Returning back to the example, lets modify that third line and add the open
scope back in. Instead of using the in memory objects, each iteration of the loop has to go back and hit the database to filter out only the “open” invoices.
Invoice Load (0.2ms) SELECT "invoices".* FROM "invoices" WHERE "invouces"."customer_id" = $1 AND "invoice"."status" = 'open' [["customer_id", 2]]
Invoice Load (0.2ms) SELECT "invoices".* FROM "invoices" WHERE "invouces"."customer_id" = $1 AND "invoice"."status" = 'open' [["customer_id", 3]]
Using Includes with Conditions
Now it is possible to filter out eager loaded data. We can use a where
to find only the open invoices.
@customers = Customer.all.includes(:invoices).where(invoices: { status: "open" })
Unfortunately, Rails cannot figure out how to optimize and break apart this query, so it will Left Outer Join everything.…
Here’s output from a different set of models
User.includes(:memberships).where(memberships: { status: "active" })
SQL (1.0ms) SELECT "users"."id" AS t0_r0, "users"."avatar_url" AS t0_r1, "users"."email" AS t0_r2, "users"."first_name" AS t0_r3, "users"."last_name" AS t0_r4, "users"."oauth_provider" AS t0_r5, "users"."oauth_access_token" AS t0_r6, "users"."oauth_remember_token" AS t0_r7, "users"."oauth_uid" AS t0_r8, "users"."password_digest" AS t0_r9, "users"."password_reset_token" AS t0_r10, "users"."remember_token" AS t0_r11, "users"."last_digest_sent_at" AS t0_r12, "users"."password_reset_token_expires_at" AS t0_r13, "users"."created_at" AS t0_r14, "users"."updated_at" AS t0_r15, "users"."users_invited" AS t0_r16, "users"."phone_number" AS t0_r17, "users"."company" AS t0_r18, "memberships"."id" AS t1_r0, "memberships"."project_id" AS t1_r1, "memberships"."user_id" AS t1_r2, "memberships"."status" AS t1_r3, "memberships"."is_admin" AS t1_r4, "memberships"."last_viewed_events_at" AS t1_r5, "memberships"."created_at" AS t1_r6, "memberships"."updated_at" AS t1_r7 FROM "users" LEFT OUTER JOIN "memberships" ON "memberships"."user_id" = "users"."id" WHERE "memberships"."status" = 'active'
Quite a beast. You can however, drop the open
scope in your view since you have only loaded the invoices which match that scope.
Potential Issues
The query above, while large, it is still much more performant than dealing with N+1 problems. However, once the tables start to get large or your are returning a large amount of rows, the query like the one above can be potentially troublesome. The database returns something like this:
customer_id | name | invoice_id | title
---------|---------|------------|----------------------------
1 | malcolm | 1 | Some invoice title
1 | malcolm | 2 | Another invoice
2 | wash | 3 | Late invoice title
3 | zoe | 4 | Some invoice title
3 | zoe | 5 | Another title
3 | zoe | 6 | Invoice Title
We get some duplication - a customer has_many invoices so every time we load a unique invoice we are going to load ALL of the customer data along with it. This kinda sucks, but nothing too terrible.
Double the has_manys
Now, issues arise when you try and eager load data from more than one has_many.
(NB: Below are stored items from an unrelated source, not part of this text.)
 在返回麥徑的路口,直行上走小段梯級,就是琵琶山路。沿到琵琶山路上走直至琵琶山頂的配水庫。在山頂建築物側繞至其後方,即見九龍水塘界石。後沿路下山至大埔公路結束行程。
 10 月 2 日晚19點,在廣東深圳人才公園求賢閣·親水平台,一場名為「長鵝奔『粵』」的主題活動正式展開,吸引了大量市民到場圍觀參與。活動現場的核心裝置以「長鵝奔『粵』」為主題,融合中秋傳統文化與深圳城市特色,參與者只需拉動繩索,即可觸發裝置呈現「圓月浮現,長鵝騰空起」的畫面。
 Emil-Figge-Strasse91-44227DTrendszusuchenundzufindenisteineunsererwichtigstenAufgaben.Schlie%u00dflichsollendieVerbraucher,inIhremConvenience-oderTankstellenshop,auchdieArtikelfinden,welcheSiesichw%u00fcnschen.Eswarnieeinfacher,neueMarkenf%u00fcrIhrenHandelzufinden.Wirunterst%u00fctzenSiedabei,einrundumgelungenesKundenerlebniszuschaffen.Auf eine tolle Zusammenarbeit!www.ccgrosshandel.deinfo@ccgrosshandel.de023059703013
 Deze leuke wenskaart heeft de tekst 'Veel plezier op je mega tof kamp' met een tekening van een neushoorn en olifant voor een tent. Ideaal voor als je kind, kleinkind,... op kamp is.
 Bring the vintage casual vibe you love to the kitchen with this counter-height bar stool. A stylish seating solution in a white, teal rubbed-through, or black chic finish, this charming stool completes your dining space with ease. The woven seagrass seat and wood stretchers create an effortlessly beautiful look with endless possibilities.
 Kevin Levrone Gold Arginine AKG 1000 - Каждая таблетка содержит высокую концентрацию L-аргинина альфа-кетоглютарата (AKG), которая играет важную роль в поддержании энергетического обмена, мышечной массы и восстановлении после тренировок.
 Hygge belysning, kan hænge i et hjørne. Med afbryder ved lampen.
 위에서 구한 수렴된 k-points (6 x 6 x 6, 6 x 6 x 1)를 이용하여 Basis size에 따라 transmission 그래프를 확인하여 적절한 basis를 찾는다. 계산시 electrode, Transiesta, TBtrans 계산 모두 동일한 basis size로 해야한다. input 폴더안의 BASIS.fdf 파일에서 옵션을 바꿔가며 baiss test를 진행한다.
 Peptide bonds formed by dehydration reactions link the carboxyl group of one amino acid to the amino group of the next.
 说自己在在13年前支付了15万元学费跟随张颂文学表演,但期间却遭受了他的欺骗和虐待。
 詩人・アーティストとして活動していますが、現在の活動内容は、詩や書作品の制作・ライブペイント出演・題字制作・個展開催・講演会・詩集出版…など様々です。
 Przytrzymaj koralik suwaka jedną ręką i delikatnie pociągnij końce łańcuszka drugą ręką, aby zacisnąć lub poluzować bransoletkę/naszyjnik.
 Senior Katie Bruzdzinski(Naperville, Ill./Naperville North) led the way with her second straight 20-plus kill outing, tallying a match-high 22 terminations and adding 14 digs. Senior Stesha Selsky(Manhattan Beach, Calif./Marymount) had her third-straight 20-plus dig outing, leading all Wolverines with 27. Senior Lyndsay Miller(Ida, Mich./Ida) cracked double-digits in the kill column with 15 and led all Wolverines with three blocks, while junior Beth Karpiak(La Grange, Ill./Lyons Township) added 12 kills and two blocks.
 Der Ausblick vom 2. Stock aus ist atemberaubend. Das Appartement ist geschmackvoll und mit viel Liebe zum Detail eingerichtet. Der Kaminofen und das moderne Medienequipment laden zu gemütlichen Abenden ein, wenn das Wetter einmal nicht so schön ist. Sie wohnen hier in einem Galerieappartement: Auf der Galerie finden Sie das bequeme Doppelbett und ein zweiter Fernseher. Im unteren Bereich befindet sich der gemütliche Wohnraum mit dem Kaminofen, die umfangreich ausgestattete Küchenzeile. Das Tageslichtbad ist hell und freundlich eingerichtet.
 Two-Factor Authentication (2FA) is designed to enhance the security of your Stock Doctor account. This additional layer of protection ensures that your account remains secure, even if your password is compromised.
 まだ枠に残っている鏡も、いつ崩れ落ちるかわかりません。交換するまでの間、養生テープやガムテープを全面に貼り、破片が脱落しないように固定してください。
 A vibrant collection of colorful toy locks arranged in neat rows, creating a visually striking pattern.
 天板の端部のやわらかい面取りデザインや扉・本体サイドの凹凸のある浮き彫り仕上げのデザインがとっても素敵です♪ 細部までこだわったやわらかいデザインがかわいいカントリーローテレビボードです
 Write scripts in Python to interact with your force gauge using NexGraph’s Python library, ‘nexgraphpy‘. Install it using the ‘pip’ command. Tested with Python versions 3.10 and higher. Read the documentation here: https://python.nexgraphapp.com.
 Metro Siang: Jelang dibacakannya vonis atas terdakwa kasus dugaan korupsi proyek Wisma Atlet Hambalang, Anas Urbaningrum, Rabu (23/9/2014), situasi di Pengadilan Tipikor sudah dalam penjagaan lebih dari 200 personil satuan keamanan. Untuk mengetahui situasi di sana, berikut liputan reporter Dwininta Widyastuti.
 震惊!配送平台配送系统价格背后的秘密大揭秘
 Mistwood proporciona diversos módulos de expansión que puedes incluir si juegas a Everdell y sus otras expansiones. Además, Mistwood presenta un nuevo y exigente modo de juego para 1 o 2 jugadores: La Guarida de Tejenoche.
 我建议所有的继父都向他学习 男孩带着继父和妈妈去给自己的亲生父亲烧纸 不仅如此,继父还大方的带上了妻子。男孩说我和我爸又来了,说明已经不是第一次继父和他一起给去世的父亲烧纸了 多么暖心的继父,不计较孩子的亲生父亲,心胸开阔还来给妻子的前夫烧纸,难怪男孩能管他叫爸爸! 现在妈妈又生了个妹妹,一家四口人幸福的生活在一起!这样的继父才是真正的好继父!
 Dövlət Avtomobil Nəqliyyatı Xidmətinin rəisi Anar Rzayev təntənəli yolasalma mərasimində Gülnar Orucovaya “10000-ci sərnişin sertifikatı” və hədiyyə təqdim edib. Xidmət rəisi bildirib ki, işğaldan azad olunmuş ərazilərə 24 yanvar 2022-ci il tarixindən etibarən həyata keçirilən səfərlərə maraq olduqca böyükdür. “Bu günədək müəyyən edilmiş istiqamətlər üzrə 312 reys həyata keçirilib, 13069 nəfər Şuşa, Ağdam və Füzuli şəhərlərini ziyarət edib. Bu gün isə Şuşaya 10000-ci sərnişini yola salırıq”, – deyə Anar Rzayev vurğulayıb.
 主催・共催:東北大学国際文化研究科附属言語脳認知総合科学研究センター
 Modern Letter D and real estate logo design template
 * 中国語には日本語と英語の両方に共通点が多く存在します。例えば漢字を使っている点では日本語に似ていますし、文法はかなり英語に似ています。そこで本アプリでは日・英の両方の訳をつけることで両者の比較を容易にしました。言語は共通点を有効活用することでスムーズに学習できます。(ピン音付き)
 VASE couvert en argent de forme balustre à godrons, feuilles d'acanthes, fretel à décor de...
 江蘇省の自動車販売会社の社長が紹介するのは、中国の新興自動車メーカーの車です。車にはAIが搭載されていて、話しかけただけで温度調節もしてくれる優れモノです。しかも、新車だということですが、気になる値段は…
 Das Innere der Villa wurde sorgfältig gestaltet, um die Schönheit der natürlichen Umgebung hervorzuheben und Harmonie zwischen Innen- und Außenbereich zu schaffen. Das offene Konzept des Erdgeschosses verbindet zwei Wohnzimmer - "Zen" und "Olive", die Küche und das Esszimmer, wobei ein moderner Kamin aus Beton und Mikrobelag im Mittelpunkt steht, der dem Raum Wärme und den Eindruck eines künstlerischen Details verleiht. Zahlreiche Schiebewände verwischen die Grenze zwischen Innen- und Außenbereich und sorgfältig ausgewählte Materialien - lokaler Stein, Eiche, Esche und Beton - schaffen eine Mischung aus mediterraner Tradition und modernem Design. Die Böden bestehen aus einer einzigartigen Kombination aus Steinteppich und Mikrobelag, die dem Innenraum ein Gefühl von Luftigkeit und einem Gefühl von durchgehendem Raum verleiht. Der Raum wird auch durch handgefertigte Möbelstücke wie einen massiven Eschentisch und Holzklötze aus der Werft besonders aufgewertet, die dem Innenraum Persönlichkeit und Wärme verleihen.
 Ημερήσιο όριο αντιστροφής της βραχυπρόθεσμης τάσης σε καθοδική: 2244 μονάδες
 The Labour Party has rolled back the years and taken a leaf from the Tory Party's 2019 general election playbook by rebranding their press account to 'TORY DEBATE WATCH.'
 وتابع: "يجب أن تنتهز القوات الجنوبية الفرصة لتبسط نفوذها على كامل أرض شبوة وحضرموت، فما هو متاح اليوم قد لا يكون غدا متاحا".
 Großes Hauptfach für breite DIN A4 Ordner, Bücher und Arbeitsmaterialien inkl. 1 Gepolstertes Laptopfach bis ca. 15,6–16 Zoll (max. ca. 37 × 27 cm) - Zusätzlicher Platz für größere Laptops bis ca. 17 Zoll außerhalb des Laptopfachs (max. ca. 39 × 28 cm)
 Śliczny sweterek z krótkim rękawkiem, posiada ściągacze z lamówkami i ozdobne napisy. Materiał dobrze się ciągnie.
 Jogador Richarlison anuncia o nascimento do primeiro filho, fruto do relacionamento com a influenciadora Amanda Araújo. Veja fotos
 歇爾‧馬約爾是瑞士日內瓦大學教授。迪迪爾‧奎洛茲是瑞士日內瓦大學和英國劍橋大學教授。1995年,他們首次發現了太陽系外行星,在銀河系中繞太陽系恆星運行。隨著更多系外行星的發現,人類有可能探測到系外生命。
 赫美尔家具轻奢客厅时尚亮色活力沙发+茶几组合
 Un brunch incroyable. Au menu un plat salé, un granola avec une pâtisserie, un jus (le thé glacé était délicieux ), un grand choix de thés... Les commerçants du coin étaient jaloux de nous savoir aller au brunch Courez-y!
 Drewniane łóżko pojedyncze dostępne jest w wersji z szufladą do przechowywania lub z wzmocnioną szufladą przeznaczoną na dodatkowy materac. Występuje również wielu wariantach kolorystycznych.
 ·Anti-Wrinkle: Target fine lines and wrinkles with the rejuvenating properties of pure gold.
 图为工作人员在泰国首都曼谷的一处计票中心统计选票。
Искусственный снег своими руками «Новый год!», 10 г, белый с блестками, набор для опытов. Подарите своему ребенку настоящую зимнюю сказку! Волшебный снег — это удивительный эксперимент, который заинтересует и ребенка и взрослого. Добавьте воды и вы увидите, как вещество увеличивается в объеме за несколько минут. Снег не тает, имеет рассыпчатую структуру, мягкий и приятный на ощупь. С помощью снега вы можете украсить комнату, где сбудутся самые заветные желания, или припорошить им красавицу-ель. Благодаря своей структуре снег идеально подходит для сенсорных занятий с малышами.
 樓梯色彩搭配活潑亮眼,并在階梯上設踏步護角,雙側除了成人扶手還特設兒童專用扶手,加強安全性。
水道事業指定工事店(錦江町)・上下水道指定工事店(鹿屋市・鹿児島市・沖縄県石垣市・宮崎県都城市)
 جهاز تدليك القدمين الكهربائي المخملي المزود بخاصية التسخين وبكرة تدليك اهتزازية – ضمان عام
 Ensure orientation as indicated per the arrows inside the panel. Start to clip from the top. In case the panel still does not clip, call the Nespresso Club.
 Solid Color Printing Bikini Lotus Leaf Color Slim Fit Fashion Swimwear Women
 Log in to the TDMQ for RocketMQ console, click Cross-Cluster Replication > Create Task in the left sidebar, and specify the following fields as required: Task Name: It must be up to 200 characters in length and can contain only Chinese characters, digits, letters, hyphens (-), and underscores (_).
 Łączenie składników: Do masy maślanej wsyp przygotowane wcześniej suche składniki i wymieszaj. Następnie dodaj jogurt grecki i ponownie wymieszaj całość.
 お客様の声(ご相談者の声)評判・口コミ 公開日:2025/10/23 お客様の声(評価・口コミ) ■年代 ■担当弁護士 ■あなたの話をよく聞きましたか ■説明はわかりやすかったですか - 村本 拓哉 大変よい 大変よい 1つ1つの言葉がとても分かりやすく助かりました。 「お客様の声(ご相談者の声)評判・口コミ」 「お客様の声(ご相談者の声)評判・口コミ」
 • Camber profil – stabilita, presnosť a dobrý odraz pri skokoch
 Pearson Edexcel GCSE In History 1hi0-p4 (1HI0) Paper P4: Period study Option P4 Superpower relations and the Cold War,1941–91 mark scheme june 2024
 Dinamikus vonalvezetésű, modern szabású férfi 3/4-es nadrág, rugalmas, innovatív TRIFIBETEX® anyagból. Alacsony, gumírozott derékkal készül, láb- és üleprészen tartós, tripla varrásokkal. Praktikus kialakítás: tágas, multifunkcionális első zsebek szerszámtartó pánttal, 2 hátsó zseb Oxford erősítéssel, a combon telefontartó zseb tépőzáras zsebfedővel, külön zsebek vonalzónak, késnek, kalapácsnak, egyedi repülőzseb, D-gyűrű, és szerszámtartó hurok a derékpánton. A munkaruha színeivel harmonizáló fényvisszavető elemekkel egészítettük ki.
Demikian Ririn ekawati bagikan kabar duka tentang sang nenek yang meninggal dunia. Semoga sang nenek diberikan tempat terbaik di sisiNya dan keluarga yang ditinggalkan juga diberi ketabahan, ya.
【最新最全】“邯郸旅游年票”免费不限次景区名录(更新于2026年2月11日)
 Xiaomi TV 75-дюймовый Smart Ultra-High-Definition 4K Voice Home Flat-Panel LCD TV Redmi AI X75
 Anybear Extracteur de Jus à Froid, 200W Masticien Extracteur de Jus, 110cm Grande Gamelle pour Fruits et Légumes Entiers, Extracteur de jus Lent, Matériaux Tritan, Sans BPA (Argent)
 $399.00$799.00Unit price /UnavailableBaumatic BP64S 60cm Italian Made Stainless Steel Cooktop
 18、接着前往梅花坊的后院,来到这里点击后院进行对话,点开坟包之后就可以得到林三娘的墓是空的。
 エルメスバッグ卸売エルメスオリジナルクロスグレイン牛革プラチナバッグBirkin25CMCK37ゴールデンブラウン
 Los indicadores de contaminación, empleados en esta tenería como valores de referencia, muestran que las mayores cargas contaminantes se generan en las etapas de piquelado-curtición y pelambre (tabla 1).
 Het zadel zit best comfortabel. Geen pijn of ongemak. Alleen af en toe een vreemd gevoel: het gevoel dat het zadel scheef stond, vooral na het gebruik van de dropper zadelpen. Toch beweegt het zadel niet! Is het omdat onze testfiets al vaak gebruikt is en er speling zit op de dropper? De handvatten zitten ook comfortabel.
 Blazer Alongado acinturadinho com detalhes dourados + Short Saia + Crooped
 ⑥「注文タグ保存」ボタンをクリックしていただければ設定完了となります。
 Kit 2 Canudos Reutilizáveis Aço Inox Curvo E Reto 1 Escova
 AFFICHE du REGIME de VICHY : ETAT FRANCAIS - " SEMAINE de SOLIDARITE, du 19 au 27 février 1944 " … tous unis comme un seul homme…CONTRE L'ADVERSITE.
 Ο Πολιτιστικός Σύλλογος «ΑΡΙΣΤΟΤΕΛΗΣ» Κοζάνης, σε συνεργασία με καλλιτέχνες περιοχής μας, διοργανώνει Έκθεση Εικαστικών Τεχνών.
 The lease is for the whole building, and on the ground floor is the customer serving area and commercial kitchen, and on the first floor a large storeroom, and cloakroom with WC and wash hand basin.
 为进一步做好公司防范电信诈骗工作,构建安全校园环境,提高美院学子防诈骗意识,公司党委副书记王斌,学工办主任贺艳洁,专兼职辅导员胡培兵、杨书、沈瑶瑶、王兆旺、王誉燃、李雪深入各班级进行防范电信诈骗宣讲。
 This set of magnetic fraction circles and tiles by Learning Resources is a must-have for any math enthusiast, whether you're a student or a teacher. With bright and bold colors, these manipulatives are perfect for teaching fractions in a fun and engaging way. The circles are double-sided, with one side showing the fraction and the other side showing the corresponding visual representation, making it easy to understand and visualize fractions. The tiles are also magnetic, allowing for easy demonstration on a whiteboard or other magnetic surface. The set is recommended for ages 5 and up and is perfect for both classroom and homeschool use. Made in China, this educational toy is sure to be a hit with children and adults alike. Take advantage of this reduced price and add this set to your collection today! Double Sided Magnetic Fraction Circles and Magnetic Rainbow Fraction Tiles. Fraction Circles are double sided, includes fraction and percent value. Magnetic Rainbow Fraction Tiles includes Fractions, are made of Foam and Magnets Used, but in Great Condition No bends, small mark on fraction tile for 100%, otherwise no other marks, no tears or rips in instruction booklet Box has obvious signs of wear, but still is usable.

@customers = Customer.all.includes(:invoices, :receipts).where(invoices: { status: "open" })
This generates two left outer joins. Whats going to happen is that the database is going to return a row for every unique combination of customer, invoice and receipt. So if we have 25 customers, each customer has 10 invoices (250 total) and 10 receipts (250 total). The result set that is returned is not 525 records, but something closer to 2500 records. Now Rails has to instantiate all of that into ActiveRecord objects.
When is it safe to add where conditions with an includes?
Only when conditions are used on the main model
Customer.all.includes(:invoices, :receipts).where("users.name" => "patkoperwas")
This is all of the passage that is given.